So surgery. Here is how it went. It is pretty unfiltered. It's really hard to talk about so it might seem a bit cold at some points but I tried to be accurate. Also, as it is unfiltered there is medical stuff (including poop and catheters) as well as cursing. There, you've been warned.
I couldn't sleep the night of the 4th. I was up just scared and stressed, watching Frasier on Netflix, screwing around on Facebook. My little sister called me at 3:45AM my time, 6:45AM her time while she was up with my nephew for a feeding. We chatted a bit, said I love you. I tried to get some sleep. I got about max 40 minutes before my alarm went off to be at the hospital at 5AM. I shook my husband awake. Threw on the clothes I had set out for myself when I had packed my hospital bag the night before. Brushed my teeth. Waited for him to finish taking our 2 pups out. Snuggled the crap out of our dogs and kissed them. Grabbed my stuff and we drove the 5 minute drive to hospital.
Joe dropped me off to sign in and register whilst he parked the car. I was the first person to sign in. Joe came in about halfway through the process of paperwork and paying $500+ for 2 days they expected me to be in the hospital. I got copies of all paperwork I signed (please if you're ever ill or hurt make sure you get a copy of EVERYTHING you sign, I mean it, keep them on file for yourself-trust someone who has been doing this for a decade). We went out to the waiting room. There was a guy my age or younger there with his father and his girlfriend. He told me he was having shoulder surgery. We chatted for a minute or two and they called him in to sign-in and register. Joe and I waited. The 3 of them came back out after he signed in. All 5 of us waited.
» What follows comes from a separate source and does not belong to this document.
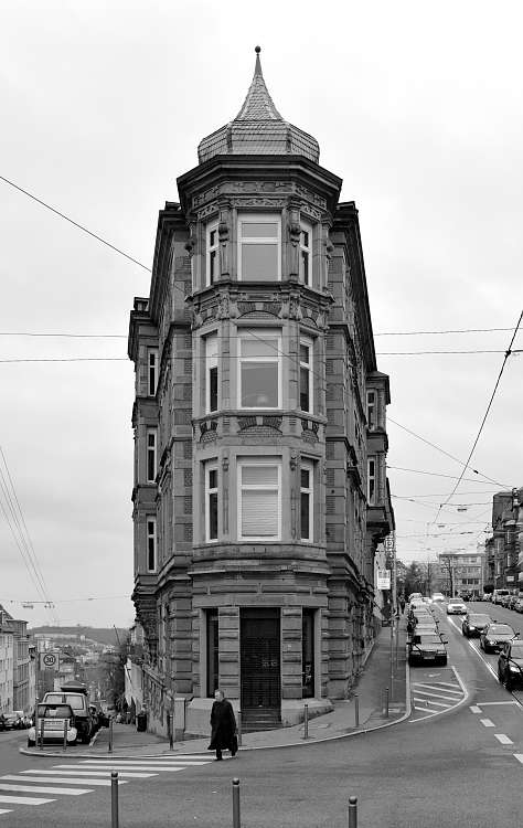 : Eines der wenigen alten Stadthäuser, das der Krieg uns gelassen hat. Das vierstöckige Haus aus dem Jahr 1891 schiebt sich wie ein Keil zwischen die Haußmannstraße und die Kernerstraße.

A nurse came and led me down to the surgery prep room. I changed into my gown and hair & feet covers. I peed in a cup to prove I wasn't pregnant for them. I got into the gurney and had blood drawn, an IV set up, nurses checked my blood pressure and my stats and logged them. Joe got to come in to be with me. Two young gals introduced themselves to us and told me they worked for some company and would be monitoring my movements of something-I was a little distracted by my mounting fear. The anesthesiologist came in and introduced himself to us and began (in the most monotone voice ever) to go through the long laundry list of what could happen to me and how I could die, then he went through his part of the procedure and left. The lead nurse during surgery came and introduced herself to us. She assured my husband she would be in constant contact with him via his cell throughout my procedure. She checked a few vitals and left. During this time shoulder guy was wheeled in and prepped and hauled off. Joe and I both were white as sheets and afraid and pretending not to be. We tried to be up beat and joke around. They then wheeled me to the last prep room before surgery.
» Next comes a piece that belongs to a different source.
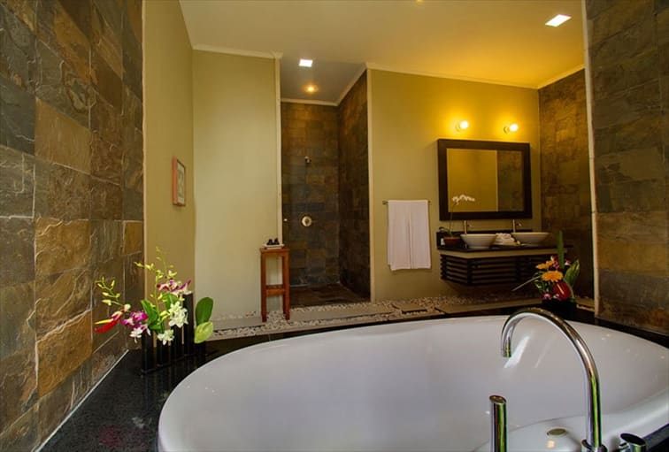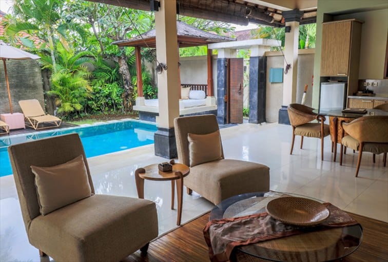 全室プライベートプール付きで、ダイニングエリアとキッチンのある広々としたリビングに天蓋付きのベッドルーム、ダブルシンクとバスタブ、スパベッドが備わったバスルームがさらにラグジュアリーな気分を高めてくれます。バスルームからも直接プールにアクセスできる構造となっており、南国らしい茅葺き屋根や、バリ風インテリア雑貨、クオリティの高い木の家具、プールサイドにはバリ風の東屋も備わり、バリリゾートの雰囲気あふれるインテリアデザインです。

I was right across from surgery guy and his family. He looked panicked. I tried to smile and joke. A nurse came in to talk to them, his surgeon came, he said goodbye to his family and they wheeled him off. Joe and I were alone. I told him how much I loved him, how much he means to me, how scared I was. We held each other. He was scared and pretending to be fine. He told me he loved me. We went over the phone tree of who to call with updates. We laughed at the silly posters about hand washing in the room. My surgeon came in. Dr. Lanman looked over my stats and we chatted briefly. He went to go see what was taking so long. Joe and I held hands tightly. I started to cry but choked it back. Facing my mortality is NOT what I wanted to be doing at 28. I grabbed Joe and hugged him. The nurse came to wheel me in to the OR, I hugged and kissed Joe and told him I loved him, he said the same. I was wheeled across the hall to my OR.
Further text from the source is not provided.